Work to complete
Transcribe, exactly and without pictures, the lines below from the line with "Tropical Holistic Vitamin" to the line with "Solid 10k Yellow", both ends included, and no others.

Supplied records
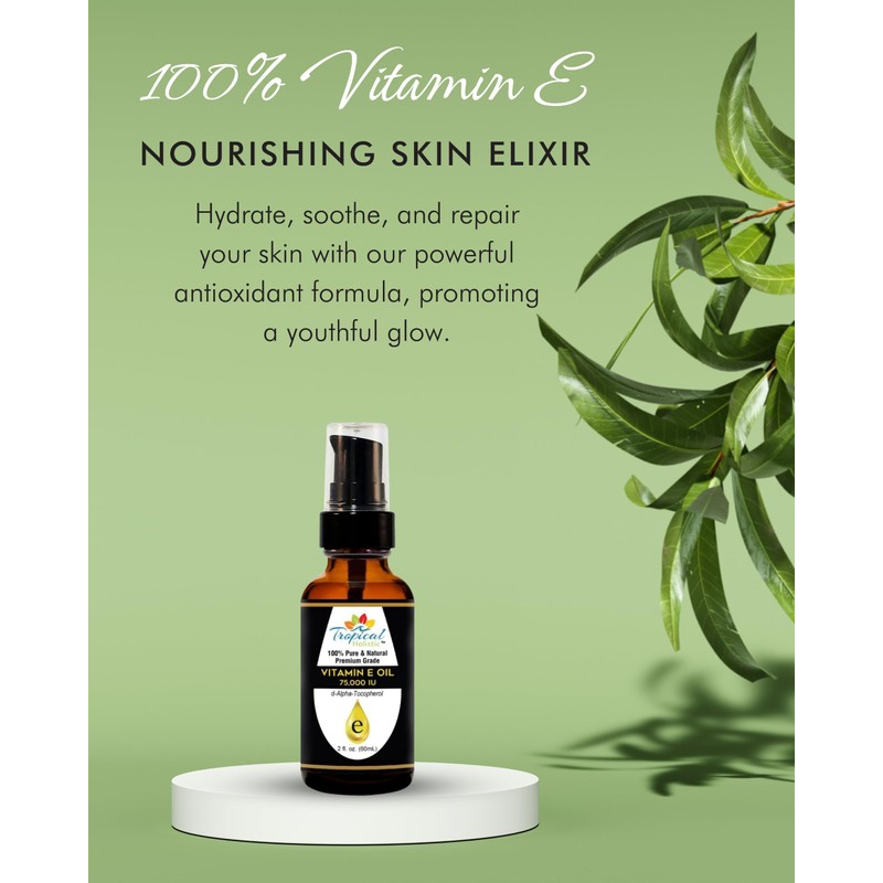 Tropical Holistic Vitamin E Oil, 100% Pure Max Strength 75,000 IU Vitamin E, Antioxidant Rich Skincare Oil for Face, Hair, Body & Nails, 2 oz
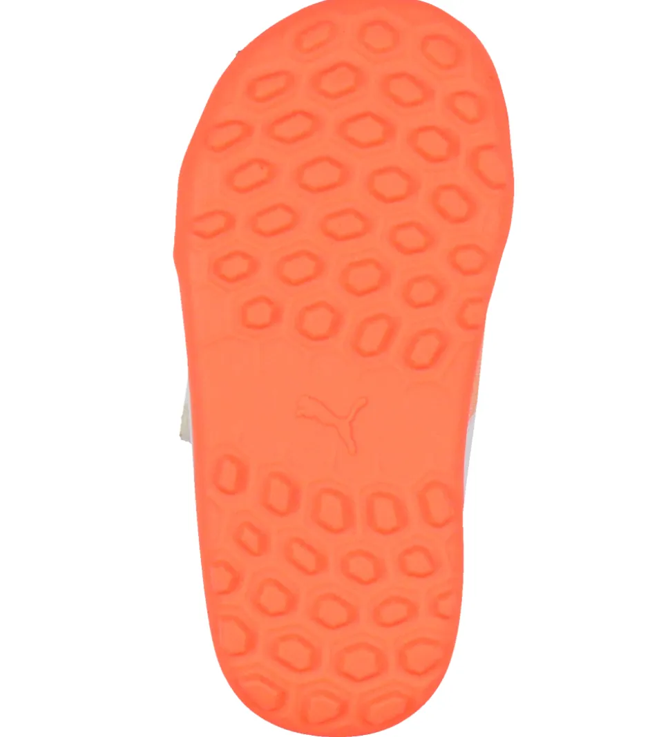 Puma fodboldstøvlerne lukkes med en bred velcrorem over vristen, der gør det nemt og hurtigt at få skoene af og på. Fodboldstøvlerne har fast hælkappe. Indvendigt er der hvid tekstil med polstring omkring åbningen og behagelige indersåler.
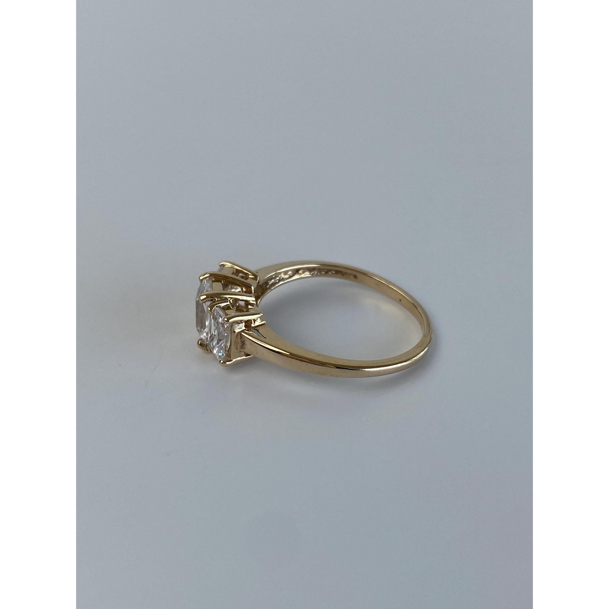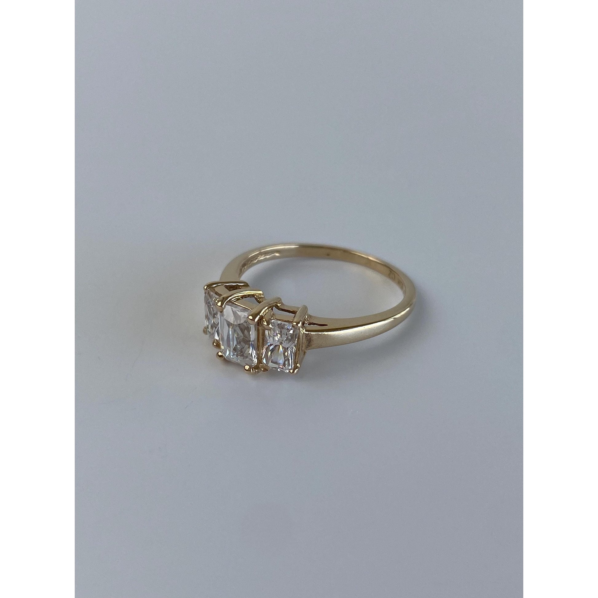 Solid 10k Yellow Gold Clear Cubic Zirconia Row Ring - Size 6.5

--

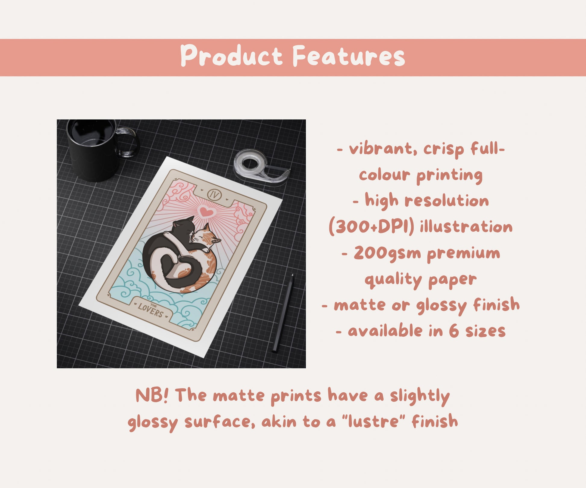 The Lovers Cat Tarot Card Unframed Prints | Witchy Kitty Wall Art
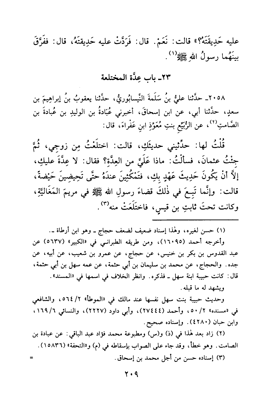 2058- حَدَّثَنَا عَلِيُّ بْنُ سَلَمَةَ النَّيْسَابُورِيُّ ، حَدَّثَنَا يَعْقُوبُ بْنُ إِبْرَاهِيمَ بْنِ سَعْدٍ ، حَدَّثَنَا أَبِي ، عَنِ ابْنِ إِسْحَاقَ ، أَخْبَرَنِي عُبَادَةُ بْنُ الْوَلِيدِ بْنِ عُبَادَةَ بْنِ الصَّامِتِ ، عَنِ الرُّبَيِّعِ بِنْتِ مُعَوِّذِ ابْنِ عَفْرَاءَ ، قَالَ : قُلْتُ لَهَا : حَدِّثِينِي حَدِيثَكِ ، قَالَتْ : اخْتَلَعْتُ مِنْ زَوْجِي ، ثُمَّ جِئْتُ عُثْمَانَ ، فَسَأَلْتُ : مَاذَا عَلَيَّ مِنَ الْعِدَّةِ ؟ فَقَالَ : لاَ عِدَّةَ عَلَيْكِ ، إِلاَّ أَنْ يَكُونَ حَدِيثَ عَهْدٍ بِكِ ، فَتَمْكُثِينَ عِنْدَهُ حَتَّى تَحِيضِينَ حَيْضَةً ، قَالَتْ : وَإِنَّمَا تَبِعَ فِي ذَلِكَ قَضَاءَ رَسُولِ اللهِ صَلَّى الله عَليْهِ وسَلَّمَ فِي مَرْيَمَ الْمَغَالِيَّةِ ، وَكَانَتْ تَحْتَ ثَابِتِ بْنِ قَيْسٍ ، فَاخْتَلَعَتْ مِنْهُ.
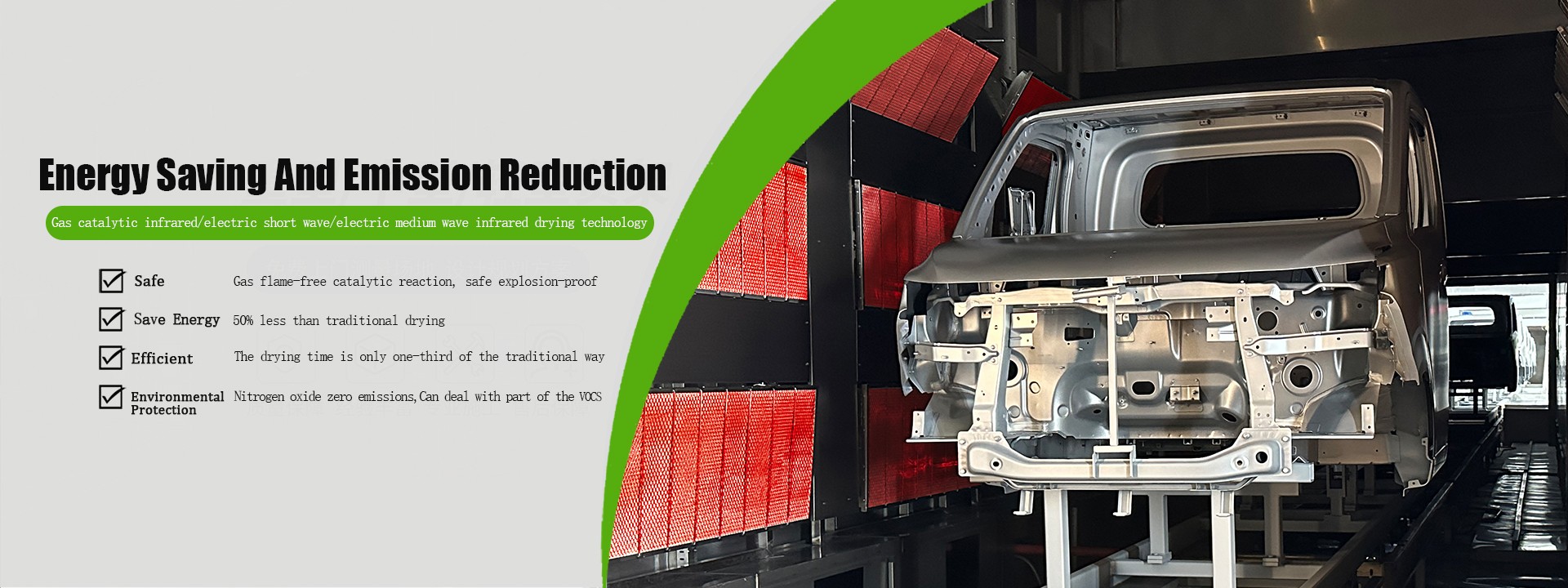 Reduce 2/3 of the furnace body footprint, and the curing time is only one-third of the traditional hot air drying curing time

==

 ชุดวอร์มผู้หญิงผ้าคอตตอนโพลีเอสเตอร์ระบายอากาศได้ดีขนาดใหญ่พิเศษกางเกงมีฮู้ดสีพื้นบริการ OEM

Response below
 Tropical Holistic Vitamin E Oil, 100% Pure Max Strength 75,000 IU Vitamin E, Antioxidant Rich Skincare Oil for Face, Hair, Body & Nails, 2 oz
 Puma fodboldstøvlerne lukkes med en bred velcrorem over vristen, der gør det nemt og hurtigt at få skoene af og på. Fodboldstøvlerne har fast hælkappe. Indvendigt er der hvid tekstil med polstring omkring åbningen og behagelige indersåler.
 Solid 10k Yellow Gold Clear Cubic Zirconia Row Ring - Size 6.5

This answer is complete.